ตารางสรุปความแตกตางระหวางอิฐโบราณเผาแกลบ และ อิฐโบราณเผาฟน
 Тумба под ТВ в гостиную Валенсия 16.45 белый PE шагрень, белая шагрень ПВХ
:::
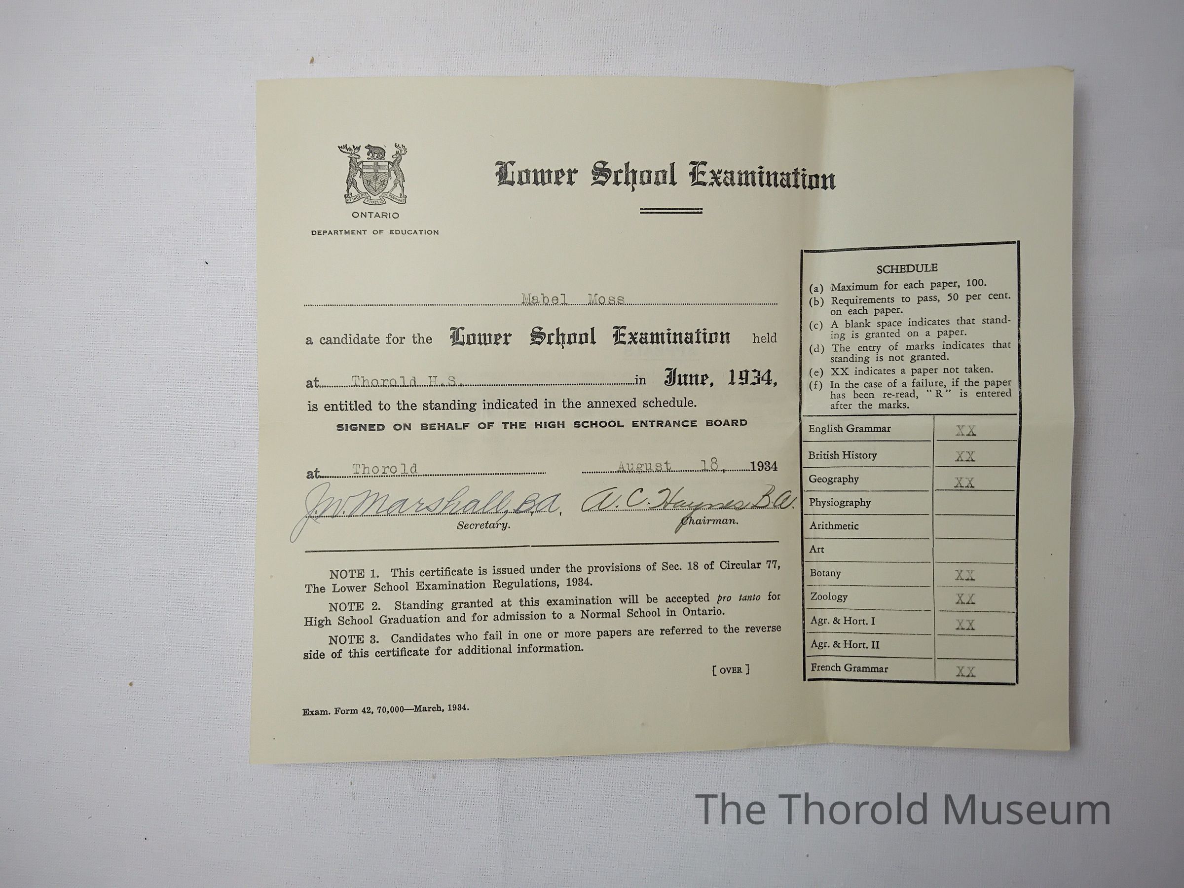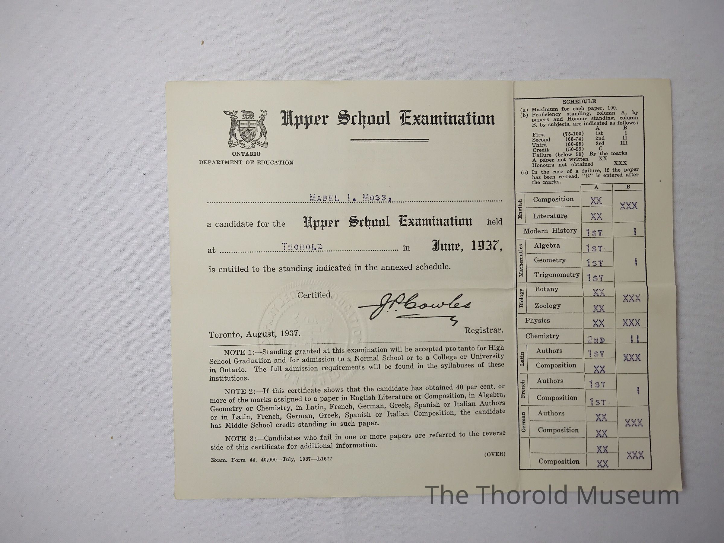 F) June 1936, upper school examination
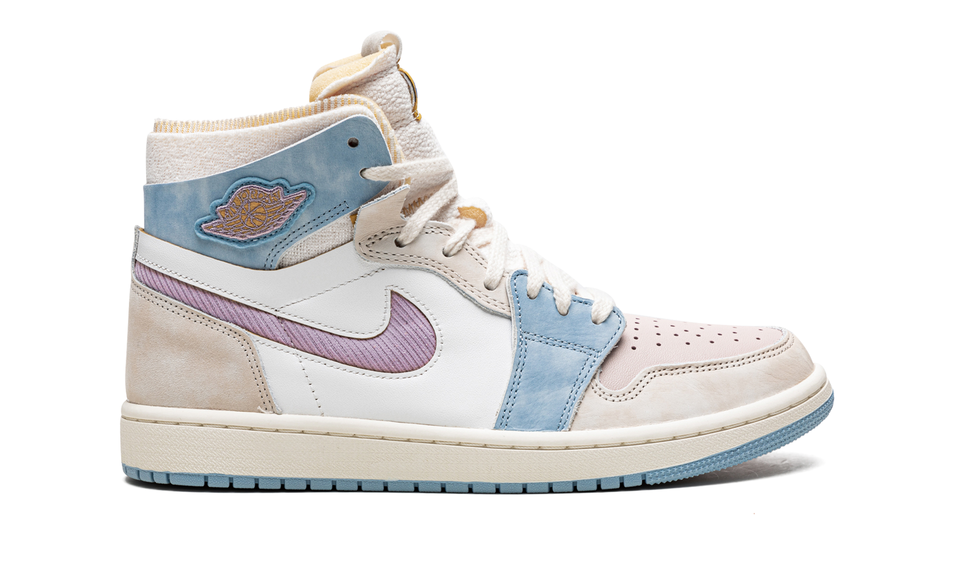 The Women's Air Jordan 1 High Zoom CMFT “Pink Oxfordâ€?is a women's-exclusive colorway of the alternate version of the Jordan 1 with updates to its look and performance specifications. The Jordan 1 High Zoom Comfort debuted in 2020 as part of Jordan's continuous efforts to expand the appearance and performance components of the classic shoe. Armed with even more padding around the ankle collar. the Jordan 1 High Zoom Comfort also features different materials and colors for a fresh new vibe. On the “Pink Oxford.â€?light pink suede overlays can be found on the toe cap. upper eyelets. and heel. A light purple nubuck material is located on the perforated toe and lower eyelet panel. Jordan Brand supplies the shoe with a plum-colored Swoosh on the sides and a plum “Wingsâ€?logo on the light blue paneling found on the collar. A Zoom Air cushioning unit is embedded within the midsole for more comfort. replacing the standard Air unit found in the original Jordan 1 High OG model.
:::
Directions — Starting at the line that has "ตารางสรุปความแตกตางระหวางอิฐโบราณเผาแกลบ และ อิฐโบราณเผาฟน" and ending at the line that has "Тумба под ТВ", please write out the lines above exactly, leaving out all others.

Exercise response —
ตารางสรุปความแตกตางระหวางอิฐโบราณเผาแกลบ และ อิฐโบราณเผาฟน
 Тумба под ТВ в гостиную Валенсия 16.45 белый PE шагрень, белая шагрень ПВХ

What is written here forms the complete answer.